Kedua, skenario moneter. Selain bertumpu pada stabilisasi nilai tukar melalui operasi pasar oleh BI, penurunan suku bunga kredit tentunya menjadi bagian penting. Semakin kecil bunga kredit, semakin kecil pula beban dunia usaha sehingga bisa menjadi semacam “pelampung” untuk menghadapi perlambatan ekonomi. Masalahnya,transmisi moneter tidak selalu berjalan baik. Meskipun BI Rate sudah diturunkan menjadi 6%, masih saja suku bunga kredit perbankan tidak bereaksi secara signifikan. Memang ada penurunan suku bunga kredit, tetapi hanya beberapa basis poin. Idealnya, jarak antara BI Rate dan suku bunga kredit tidak lebih dari 3%-4%. Dengan demikian, jika transmisi moneter berjalan baik, suku bunga kredit dapat ditekan di bawah 10%.
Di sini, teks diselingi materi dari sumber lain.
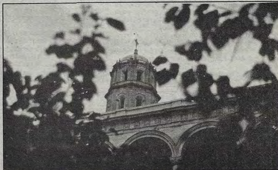
Eje y motor de la vida de Querétaro desde sus orígenes, primera y única parroquia entre 1582 y 1759; primera catedral entre 1865 y 1911 y cabecera de la Provincia de San Pedro y San Pablo entre 1630 y 1920, San Francisco está sobre la mesa de la discusión. (Foto de Omar Ontiveros).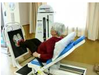
パワーリハビリ風景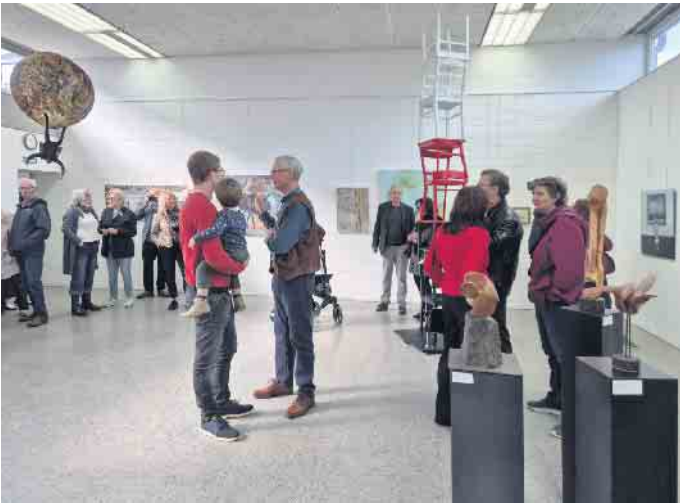
Die LohmART-Jahresausstellung erntete viel Lob.

„Zwischen den Welten“ staunten die Besucher

Tentunya hal ini merupakan tantangan penting. Selain harus “bertanggung jawab” terhadap kondisi makro, para bankir harus memberikan pertanggungjawabannya kepada pemilik modal yang secara alamiah menghendaki keuntungan tinggi. Di situlah peran regulator diuji, yakni bagaimana kemampuan mereka melakukan keseimbangan antarberbagai kepentingan, tanpa menyakiti terlalu dalam masing-masing pihak. (*)
A Prasetyantoko; Penulis adalah Ketua Lembaga Penelitian dan Pengabdian Masyarakat (LPPM) Unika Atma Jaya, Jakarta.